Definition — Markov Perfect Equilibrium

A Markov Perfect Equilibrium of a dynamic game is a profile of strategies

\{\sigma_i(s)\}_{i=1}^N

such that:

Each firm’s strategy $\sigma_i$ depends only on the current state $s \in \mathcal{S}$ , not on the history of play.
Each strategy is a best response to the other firms’ strategies, given the transition probabilities induced by all firms’ actions:
$\sigma_i(s) \in \arg\max_{a_i} \left\{ \pi_i(s, a_i, \sigma_{-i}(s)) + \delta \sum_{s'} P(s' \mid s, a_i, \sigma_{-i}(s)) \, V_i(s') \right\}$

where

V_i(s)

is firm

i

’s value function,

\delta

is the discount factor, and

P(s' \mid s, a)

is the state transition kernel.

The restriction to Markov strategies has both conceptual and computational advantages. Conceptually, it rules out strategies that condition on irrelevant past events (e.g., punishing a rival for an action taken ten years ago that has no bearing on current profitability). Computationally, it reduces the strategy space from the space of all history-dependent policies to a function on the finite state space.

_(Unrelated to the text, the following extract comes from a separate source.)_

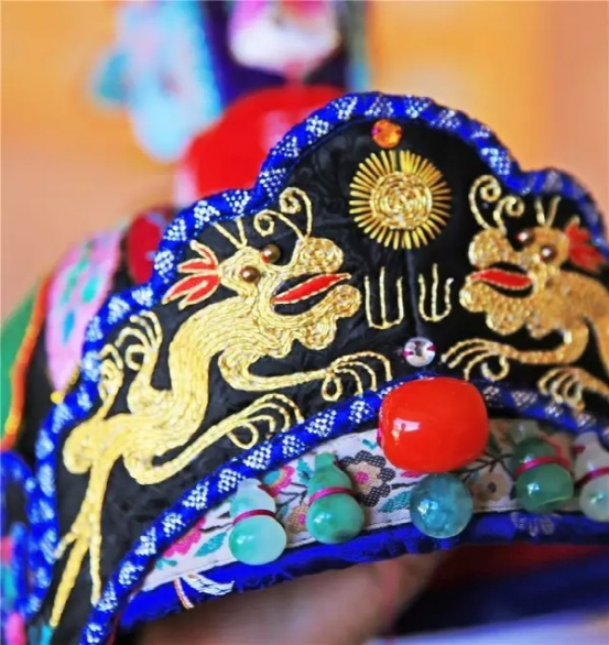 走進楊文煥的工作室,猶如進入一個明媚鮮艷的夢境。首先映入眼簾的,便是那一頂頂色彩鮮艷、繡工精致的童帽:造型大方、線條流暢的獅子帽;色彩明艷、虎虎生威的老虎帽;精巧別致、活潑可愛的翹尾帽;高雅富麗、古韻悠長的公子帽;別具一格、特色鮮明的牌坊帽。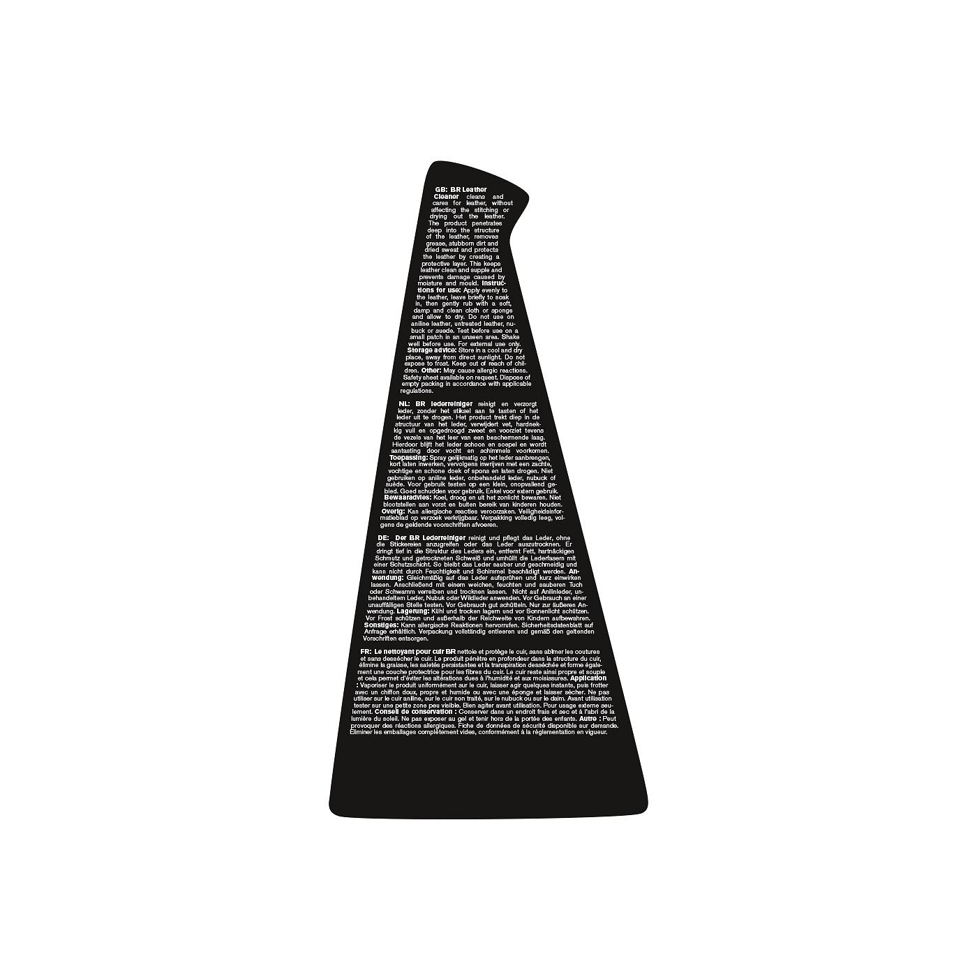 BR lederreiniger reinigt en verzorgt leder, zonder het stiksel aan te tasten of het leder uit te drogen. Het product trekt diep in de structuur van het leder, verwijdert vet, hardnekkig vuil en opgedroogd zweet en voorziet tevens de vezels van het leer van een beschermende laag. Hierdoor blijft het leder schoon en soepel en wordt aantasting door vocht en schimmels voorkomen. PH-neutraal.

Bellman Equation Formulation

In an MPE, each firm’s value function satisfies a Bellman equation. For a two-firm game where each firm has a quality state $s_i \in \{1, \ldots, K\}$ , the Bellman equation for firm 1 is:

V_1(s_1, s_2) = \max_{a_1} \left\{ \pi_1(s_1, s_2, a_1, \sigma_2(s_1, s_2)) + \delta \, \mathbb{E}[V_1(s_1', s_2') \mid s_1, s_2, a_1, \sigma_2] \right\}

(1)

where the expectation is over the stochastic state transitions. The action $a_1 = (p_1, x_1)$ includes both a pricing decision $p_1$ and an investment decision $x_1 \in \{0, 1\}$ . Investment costs $\kappa$ and succeeds with probability $\alpha$ , moving the firm’s state up by one.

Existence of MPE (Maskin and Tirole, 1988)

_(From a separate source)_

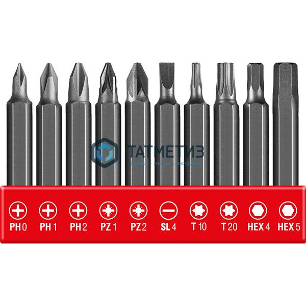 -Биты 50 мм, PH0, PH1, PH2, PZ1, PZ2, S4, T10, T20, HEX4, HEX5, 10 шт;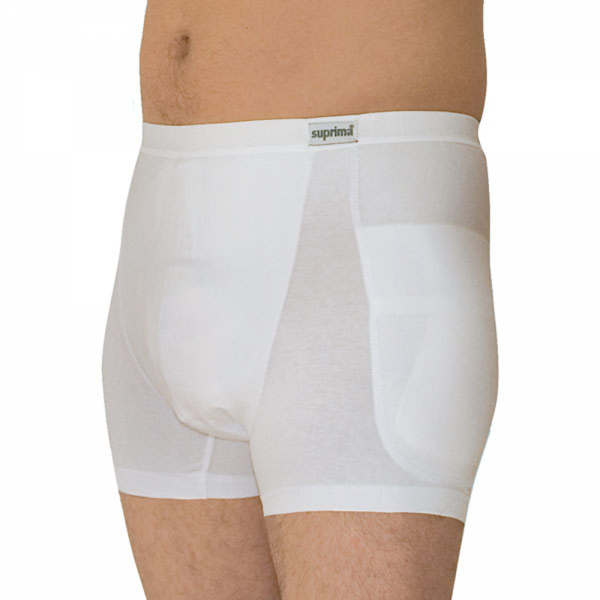 Hüftprotektor Slip “bodyguard” für Herren ohne ProtektorenDas Risiko sich bei einem Sturz eine Oberschenkelhalsfraktur zuzuziehen, wächst mit fortgeschrittenem Alter überproportional, nicht zuletzt weil der Knochenabbau (Osteoporose) eine Krankheit ist, von der überwiegend ältere Menschen betroffen sind. Sturzgefährdeten Personen wird daher empfohlen, einen Slip mit Hüftprotektoren zur Verminderung von Sturzverletzungen zu tragen.Baumwollslip mit Lycrarechts und links je eine Tasche zur Aufnahme der ProtektorenWäscheschutz aus Polyurethan (PU) zur Verwendung von Einlagen bei InkontinenzHose wird ohne der herausnehmbaren Protektoren geliefertGrößen:S: entspricht Herrengröße 4M: entspricht Herrengröße 5L: entspricht Herrengröße 6 7XL: entspricht Herrengröße 8Material:93% Baumwolle7% ElasthanWäscheschutz: PUFarbe:weißPassende Protektoren:Suprima WeichschaumprotektorenSuprima Hüftprotektor StandardWaschempfehlung:Waschen bei 60° (ohne Protektoren)Bügeln bei niedriger Temperatur möglichTrocknen mit niedriger TemperaturChlorbleiche nicht möglich

In a dynamic oligopoly game with a finite state space $\mathcal{S}$ , compact action spaces, and continuous payoff functions, a Markov Perfect Equilibrium exists. When the state space is finite and actions are discrete, the equilibrium can be computed by value iteration or policy iteration.

The Ericson-Pakes Framework

Ericson and Pakes (1995) developed a general framework for analyzing industry dynamics in which firms invest, enter, and exit. Their model has become the workhorse for empirical industrial organization, with applications to semiconductors, airlines, telecommunications, and many other industries.

The key elements of the Ericson-Pakes framework are:

State vector: Each firm $i$ has a quality or efficiency state $s_i$ . Higher states correspond to lower marginal costs or higher product quality.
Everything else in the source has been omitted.